Outsourcing food production

Following in the footsteps of manufacturing in the 1980s and information technology in the 1990s, in the latest and most controversial examples of outsourcing, some of the major food importing nations are acquiring (buy or lease) vast tracts of poor countries' farmland in order to meet their foodgrain requirements. Supporters argue that such foreign investment are beneficial to the host countries, as they provide new seeds, techniques and money for agriculture, whereas opponents accuse it of neo-colonialism, wherein poor farmers will be pushed off land they have farmed for generations.

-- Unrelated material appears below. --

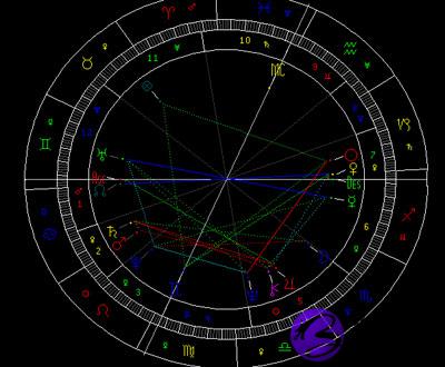 先看这张本命盘,我们就会立刻把注意力集中到位于一宫双子座与上升相合的天王星,它与冥王星呈六合相,与天底的海王星相拱,与掌管注意力的水星相冲。天水冲的相位暗示感觉神经及心智的紊乱。水星六合天底、拱冥王星对冲上升点和海王星,将这些相位和摩羯太阳与天秤海王星的刑相一起考虑,我们就不难理解为何这个病人会住进精神病院了。他认为自己在无形中接受了一次头部和喉咙手术,这次手术干扰了他的体质和思想。他患了精神分裂症住进了精神病院。

China, South Korea and the rich Middle Eastern countries are the largest investors in these farmlands, most of them in Africa. The International Food Policy Research Institute (IFPRI), estimates that between 15m and 20m hectares of farmland (fifth of all the farmland of the European Union) in poor countries, valued at between $20-30 bn, have been subject to transactions or talks involving foreigners since 2006. Unlike the colonial era farming ventures that sought to grow cash crops like coffee, tea, sugar or bananas, the current ones mostly focus on staples or biofuels — wheat, maize, rice, jatropha. Unlike the previous era when foreign farming investment was mostly private, the present transactions are between host governments and foreign regimes or companies closely tied to them, such as sovereign-wealth funds.

The sharp increase in food prices from 2007 and the middle of 2008 (The Economist index of food prices rose 78%) and the protectionist reaction among many major global grain producers, has given a fillip to this trend of procuring lands for growing foodgrains. The Arab countries, facing acute water shortage, see the African hinterlands, with their water resources, as ideal for meeting their food needs.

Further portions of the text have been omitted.